V0: manual + lightweight automation
- Input: form or Notion/Airtable intake.
- Prompt generation: prompt templates + human review.
- AI querying: manual browser sessions and/or API calls where available.
- Capture: screenshots, JSON/text exports, timestamped model metadata.
- Scoring: spreadsheet or simple script calculating mentions, competitors, wrong claims.
- Report: generated HTML/PDF with screenshots, tables, and recommendations.
V1: internal audit engine
Data layer
Postgres for companies, prompts, answers, model metadata, competitor mentions, findings, reports.
Workers
Queue-based prompt execution, retries, rate limits, screenshot capture, source extraction.
Report layer
Static HTML to PDF, shareable private links, exportable CSV, and client-ready recommendations.
What not to build yet
- Client dashboard.
- User accounts.
- Self-serve prompt playground.
- Monthly monitoring system.
- Automated “AI optimization” content generator.
9. Pricing and business model
Start cheap enough to remove friction, but high enough to prove willingness to pay.
| Tier | Price | Use | Notes |
|---|---|---|---|
| Snapshot | €99 | Fast validation / impulse buy | Risk: too cheap, attracts low-quality buyers. |
| AI Mirror Audit | €299 | Best starting offer | 50 prompts, 4 systems, fixes.
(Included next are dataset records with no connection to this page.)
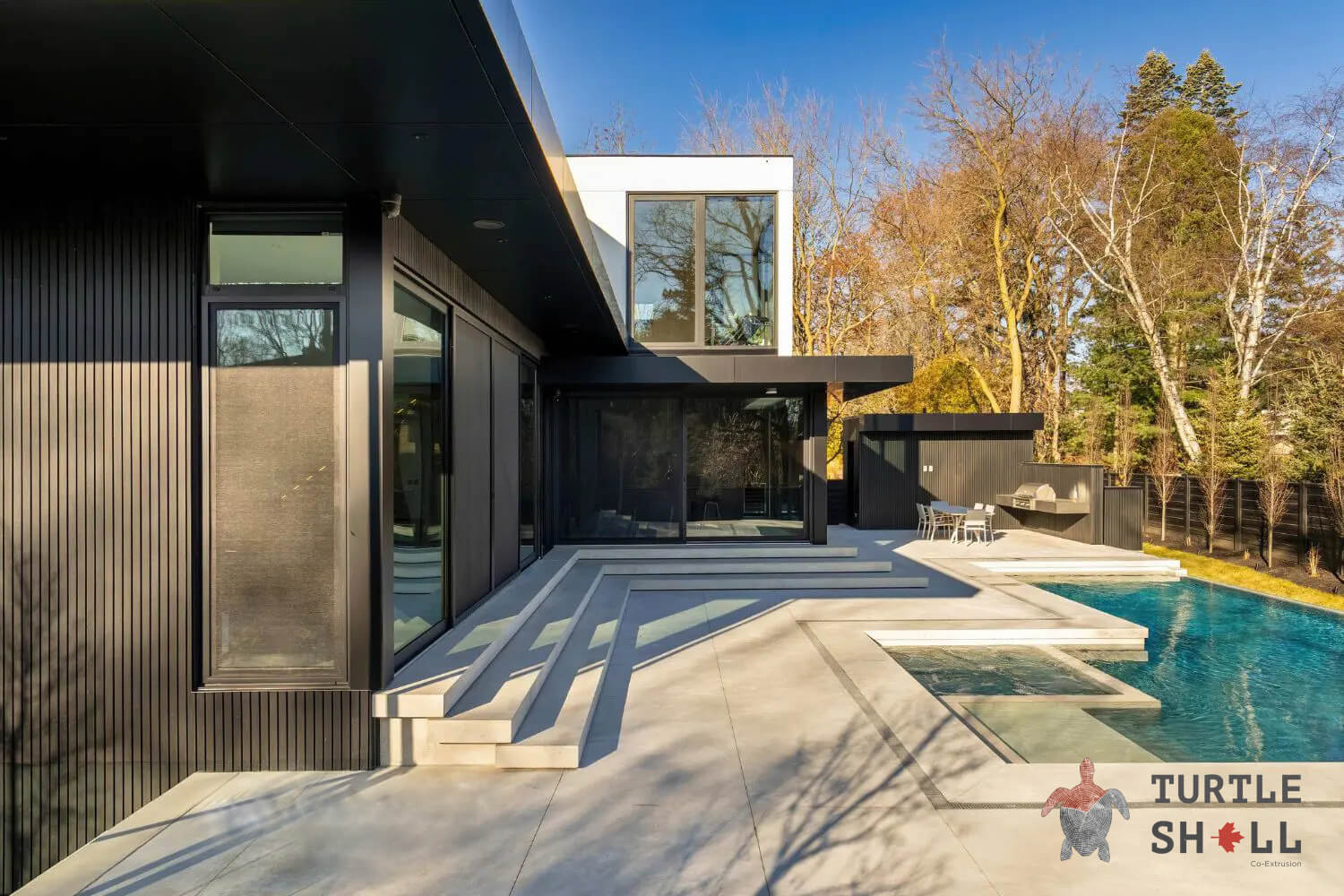 * Изысканный дизайн: Уникальная структура и текстура реечных панелей Turtle Shell создают неповторимый визуальный эффект. Отделка в сером цвете Faroese Smokewood добавляет элегантности и современности вашему фасаду.
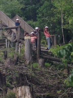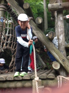 雲行きが怪しくなってきたので、野外炊事の後片付けを中断して、楽しみにしている、『冒険の森アスレチック』をスタートさせました。
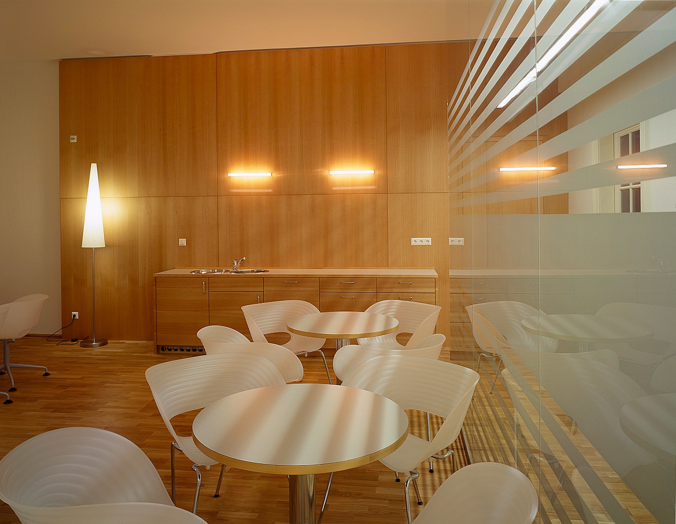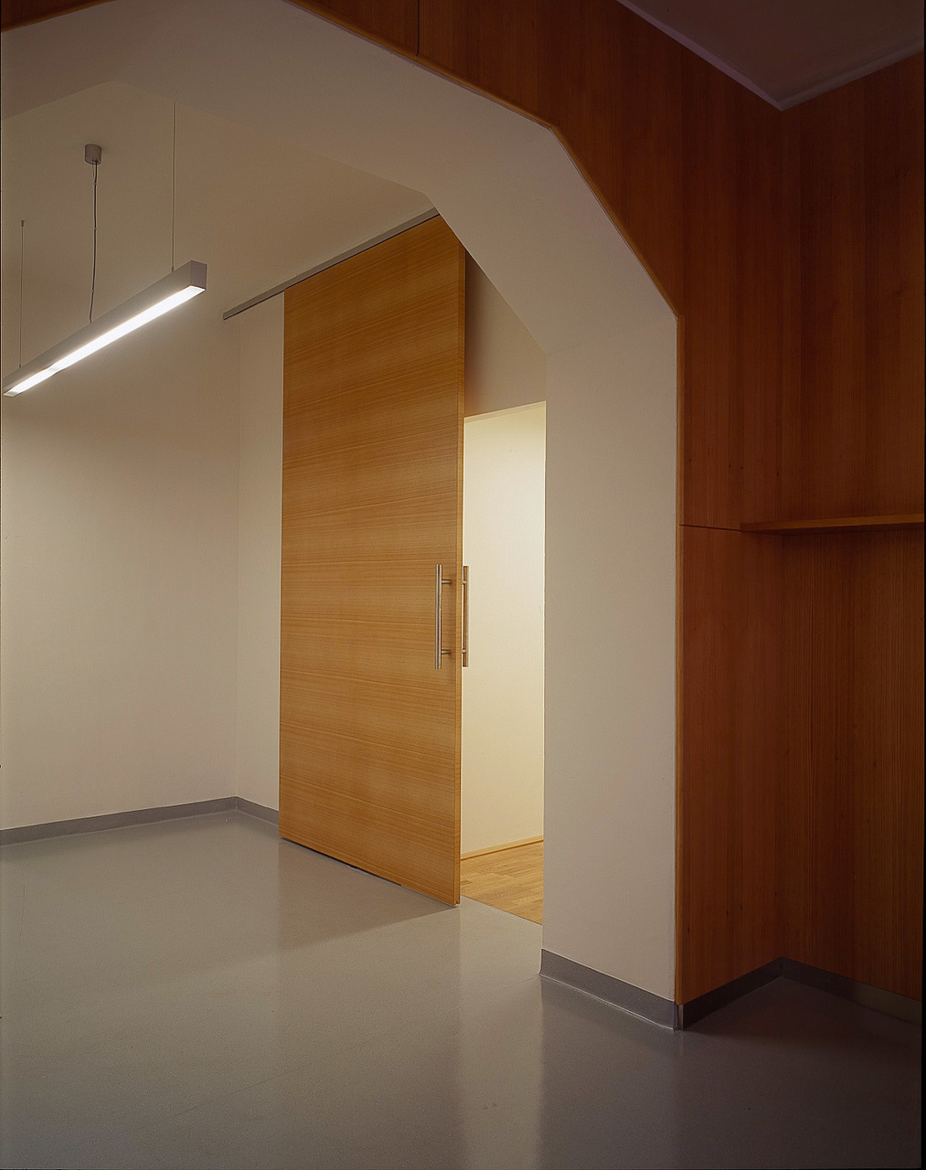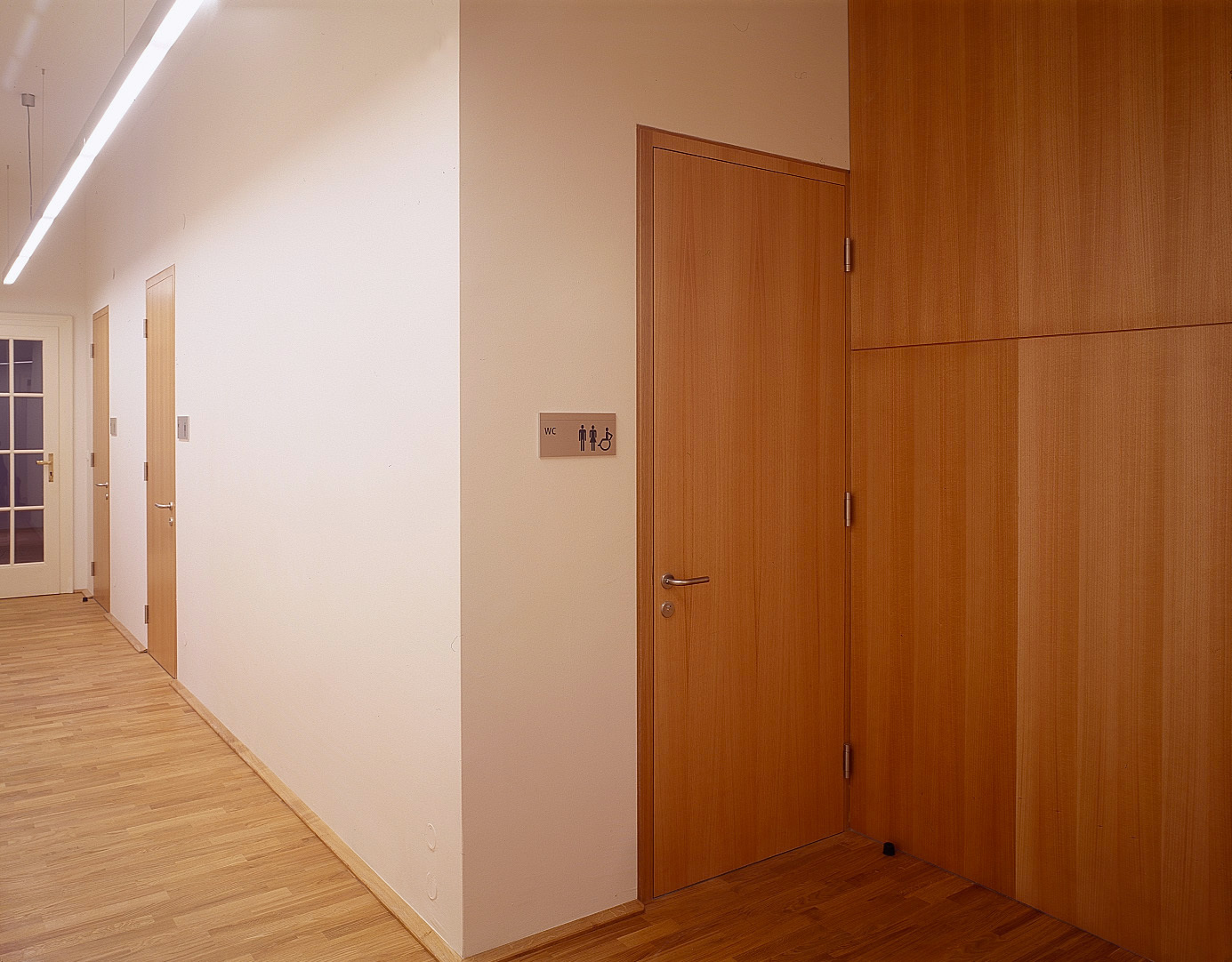 Auf ein modisches Überdesign wurde bewusst verzichtet und der Klärung räumlicher und organisatorischer Gegebenheiten der Vorzug gegeben. Kostengünstig wurde der Bestand verbessert und neu organisiert. Dem ehemals unübersichtlichen Grundriss wurden neue Orientierungspunkte implantiert.

Good pain/price ratio. |
| Audit + walkthrough | €799 | Higher-intent B2B customers | Add call, deeper competitor diagnosis, fix roadmap. |
| Monthly monitoring | €300–€1,000/mo | Only after repeated demand | Retest prompts, monitor competitor changes, recommend updates. |
10. Risks and failure modes
This can be real and still fail if executed vaguely. The largest risk is not market timing. It is turning a sharp pain into generic AI-marketing slop.
| Risk | Why it matters | Mitigation |
|---|---|---|
| Education burden | Customers may not understand GEO/AEO. | Never lead with acronyms. Lead with “ChatGPT recommended your competitor.” |
| AI answer variability | Results differ by model, time, and prompt wording. | Frame as dated snapshot. Use prompt set, screenshots, timestamps, model names. |
| Weak causality | Hard to prove fixes caused better AI answers. | Sell audit first, not guaranteed rankings. Retest after changes. |
| Agency commoditization | SEO agencies may copy positioning. | Move fast, specialize by niche, build proprietary prompt/report process. |
| Building too early | Dashboard becomes fake progress. | Ten paid audits before platform. |
| Low-quality clients | Small clients may want miracles for €299. | Filter for serious B2B/high-ticket buyers only. |
11. Validation plan
Validation must measure payments, not excitement. “Interesting” is not signal. Money is signal.
7-day sprint
- Pick one niche. Recommended: B2B agencies or B2B SaaS.
- Create 30 prospect list.
- Run 5 mini-prompts per prospect.
- Send personalized outbound with a screenshot/stat.
- Offer €299 audit with 48h delivery.
- Close at least 2 paid audits.
- Deliver manually and capture objections, questions, and willingness for monthly retest.
Decision gates
Green light
2+ paid audits from 30 targeted prospects, or 5+ strong calls with clear budget and urgency.
Yellow light
Good replies but no payment. Change niche, proof format, or price. Do not build.
Red light
People like the idea but do not forward, pay, or ask for their own result. Kill or reposition.
12. Roadmap
Today
Days 1–7
Days 8–21
Month 2
Only if pulled
Final recommendation
Pursue it, but only as a focused paid validation sprint.
The correct posture is not “we found the next SaaS.” The correct posture is: “we found a sharp commercial anxiety created by AI answers; now we test whether companies will pay to see their own exposure.”